Search code examples
rdplyrcase-when

How to use case_when with mutate_all to insert variable value


I have a seemingly small problem. I want to use mutate_all() in conjunction with case_when(). A sample data frame:

tbl <- tibble( 
  x = c(0, 1, 2, 3, NA),
  y = c(0, 1, NA, 2, 3),
  z = c(0, NA, 1, 2, 3),
  date = rep(today(), 5)
)

I first made another data frame replacing all the NA's with zero's and the values with a 1 with the following piece of code.

tbl %>%
 mutate_all(
    funs(
      case_when(
        . %>% is.na() ~ 0,
        TRUE ~ 1
      )))

Now I want to replace the NA values with blanks ("") and leave the other values as it is.

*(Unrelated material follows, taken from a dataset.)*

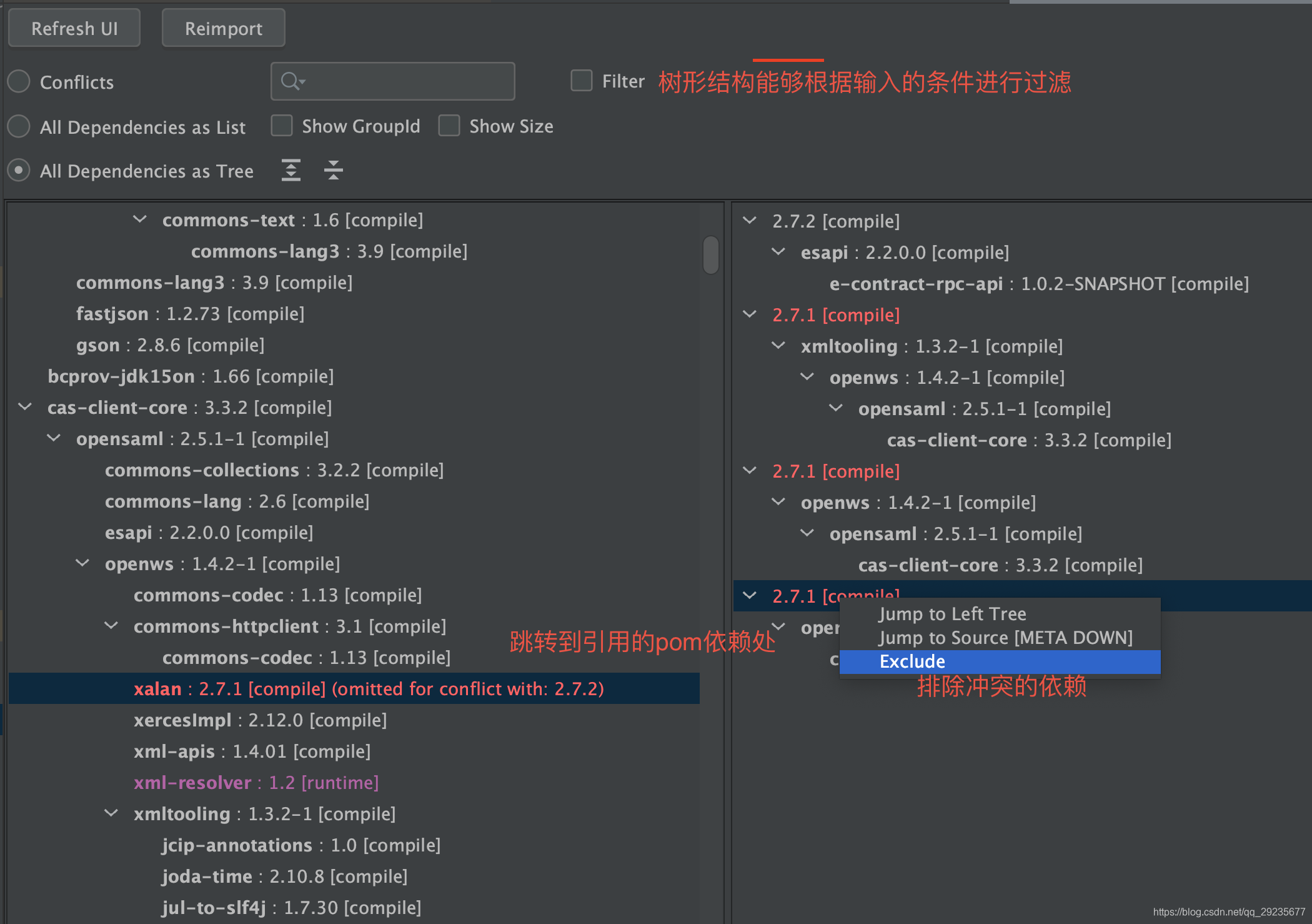 无论是树形结构还是list结构,标红的就是有冲突的包,当前界面的右侧部分2.7.2是当前使用的版本,下面飙红的2.7.1就是冲突的版本。通过右击可以把不想要的jar依赖排除,而不需要自己找到相应的pom文件,自己写exclude标签实现排除依赖,是不是很方便。

However, I don't know how to set the TRUE value in a way that it keeps the value of the column.

Any suggestions would be much appreciated!


Solution

  • To leave the NA as "", we can use replace_na from tidyr

    library(dplyr)
    library(tidyr)
    tbl %>%
         mutate_all(replace_na, "")
    # A tibble: 5 x 3
    #  x     y     z    
    #  <chr> <chr> <chr>
    #1 0     0     0    
    #2 1     1     ""   
    #3 2     ""    1    
    #4 3     2     2    
    #5 ""    3     3    
    

    With case_when or if_else, we have to make sure the type are the same across. Here, we are converting to character when we insert the "", so make sure the other values are also coerced to character class

    tbl %>%
       mutate_all(~ case_when(is.na(.) ~ "", TRUE ~ as.character(.)))
    

    If we want to use only specific columns, then we can use mutate_at

    tbl %>%
       mutate_at(vars(x:y), ~ case_when(is.na(.) ~ "", TRUE ~ as.character(.)))
    

    Also, to simplify the code in OP's post, it can be directly coerced to integer with as.integer or +

    tbl %>% 
         mutate_all(~ as.integer(!is.na(.)))
    

    Or if we are using case_when

    tbl %>%
           mutate_all(~ case_when(is.na(.)~ 0, TRUE ~ 1))